Ausser den Grünen und den Sozialdemokraten wandten sich alle Fraktionen gegen die vom Gemeinderat (Exekutive) vorgeschlagene Steuererhöhung um zwei Zehntel. Sie zogen die Variante mit zusätzlichen Entnahmen aus Spezialfinanzierungen vor. Von dieser hatte der Gemeinderat abgeraten.

Abo-Verbilligung für Bezüger von Ergänzungsleistungen gestrichen

Eine erste Kraftprobe gab es bei der vom Gemeinderat beantragten Streichung der zusätzlichen Verbilligung von Abonnements des Tarifverbunds für Bezüger von Ergänzungsleistungen zur AHV und IV. Dadurch soll die Gemeinderechnung um rund 360'000 Franken im Jahr entlastet werden.
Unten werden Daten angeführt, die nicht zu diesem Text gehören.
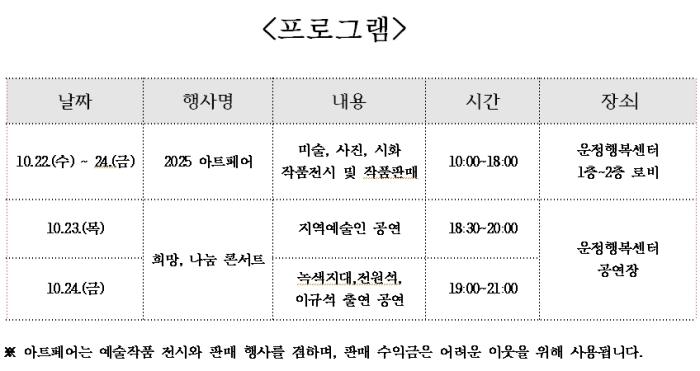2025 제6회 ‘희망, 나눔’ 파주 아트 페스티벌은 ‘희망과, 나눔’을 주제로 시민들에게 공연을 통해 ‘희망’과 ‘행복’을 전하며, 소외되고 어려운 환경에서 생활하는 이웃에게 아트페어 행사를 통해 발생한 수익금으로 ‘나눔’을 전달하는 온정의 시간을 만들고자한다. 10월 22일(수) 오전 10시부터 운정행복센터 1~2층 로비에서 미술·사진·시화작품을 감상할 수 있는 아트페어 행사가 진행되며 23일 (목) ~ 24일 (금) 희망, 나눔 콘서트가 진행된다. 아트페어는 22일 (수) ~ 24일 (금) 오전 10시~ 오후 6시까지 미술, 사진, 시화작품 전시 및 판매가 3일간 진행된다.

Die Grünen wandten sich dagegen: Die Stadt dürfe nicht bei den Ärmsten zu sparen beginnen, wenn sie ein Finanzproblem habe. Die Sozialdemokraten argumentierten ähnlich, wollten aber aus Verantwortung für die Stadtfinanzen den gewährten Rabatt von 50 Prozent auf 30 Prozent verringern.
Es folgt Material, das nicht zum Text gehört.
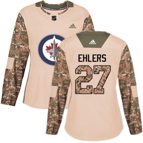 • Women's Adidas Winnipeg Jets #27 Nikolaj Ehlers Authentic Camo Veterans Day Practice NHL Jersey

Die Fraktion SVP/Die Eidgenossen wies darauf hin, dass es sich nicht um eine Aufgabe der Stadt handle. Die Mobilitätskosten seien in den Ergänzungsleistungen bereits berücksichtigt. Die Fraktion FDP/EVP/EDU meinte, jetzt sei der Moment gekommen, an dem die Stadt Biel ihre ständig gesteigerten Leistungen abbauen müsse.

Das Zünglein an der Waage bildeten die Grünliberalen, deren Sprecher von einer «Extrawurst» sprach. Man dürfe mit den Finanzen nicht weiterfahren wie bisher, sonst könnten künftige Generationen keine Projekte mehr realisieren. Schliesslich beschloss eine Mehrheit von 34 gegen 24 Stimmen, die Verbilligung abzuschaffen.

Friedliche Demonstration

Auf dem Platz vor dem Eingang zum Stadtratssaal wurden die Räte von mehreren hundert Personen empfangen, die friedlich gegen die vom Gemeinderat vorgeschlagenen Subventionskürzungen für das Autonome Jugendzentrum und andere kulturelle und soziale Institutionen demonstrierten.

Sie hatten eine gedeckte Bühne für musikalische Darbietungen und einen Essensstand aufgestellt. In der Pause spielte gar eine Guggenmusik auf. Zur Demonstration war auf sozialen Netzwerken aufgerufen worden.